■ Source data
◇ ◇ ◇ ◇

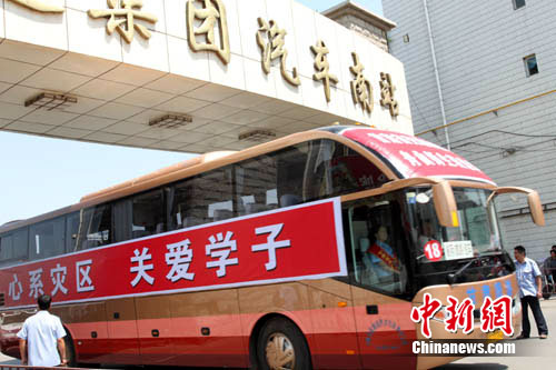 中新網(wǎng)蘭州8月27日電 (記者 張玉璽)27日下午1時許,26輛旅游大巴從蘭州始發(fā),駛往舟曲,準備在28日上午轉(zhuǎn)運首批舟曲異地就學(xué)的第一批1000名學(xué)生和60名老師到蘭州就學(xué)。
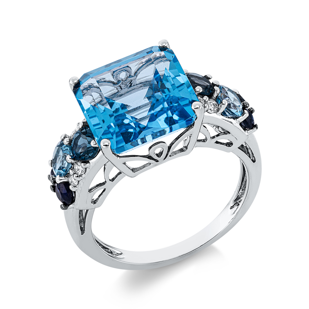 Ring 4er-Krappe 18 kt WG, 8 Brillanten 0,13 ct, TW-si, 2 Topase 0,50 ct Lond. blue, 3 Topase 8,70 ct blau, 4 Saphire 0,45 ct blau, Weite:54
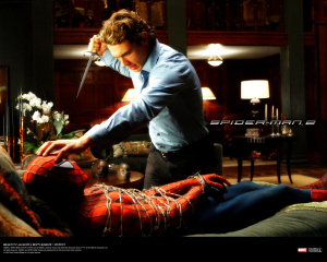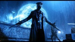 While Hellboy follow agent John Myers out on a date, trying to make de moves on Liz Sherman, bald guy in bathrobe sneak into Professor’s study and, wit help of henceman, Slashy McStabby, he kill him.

◇ ◇ ◇ ◇

■ What you are asked to do
The reply has to reproduce every line above verbatim and contain no pictures.

■ Worked solution
 中新網(wǎng)蘭州8月27日電 (記者 張玉璽)27日下午1時許,26輛旅游大巴從蘭州始發(fā),駛往舟曲,準備在28日上午轉(zhuǎn)運首批舟曲異地就學(xué)的第一批1000名學(xué)生和60名老師到蘭州就學(xué)。
 Ring 4er-Krappe 18 kt WG, 8 Brillanten 0,13 ct, TW-si, 2 Topase 0,50 ct Lond. blue, 3 Topase 8,70 ct blau, 4 Saphire 0,45 ct blau, Weite:54
 While Hellboy follow agent John Myers out on a date, trying to make de moves on Liz Sherman, bald guy in bathrobe sneak into Professor’s study and, wit help of henceman, Slashy McStabby, he kill him.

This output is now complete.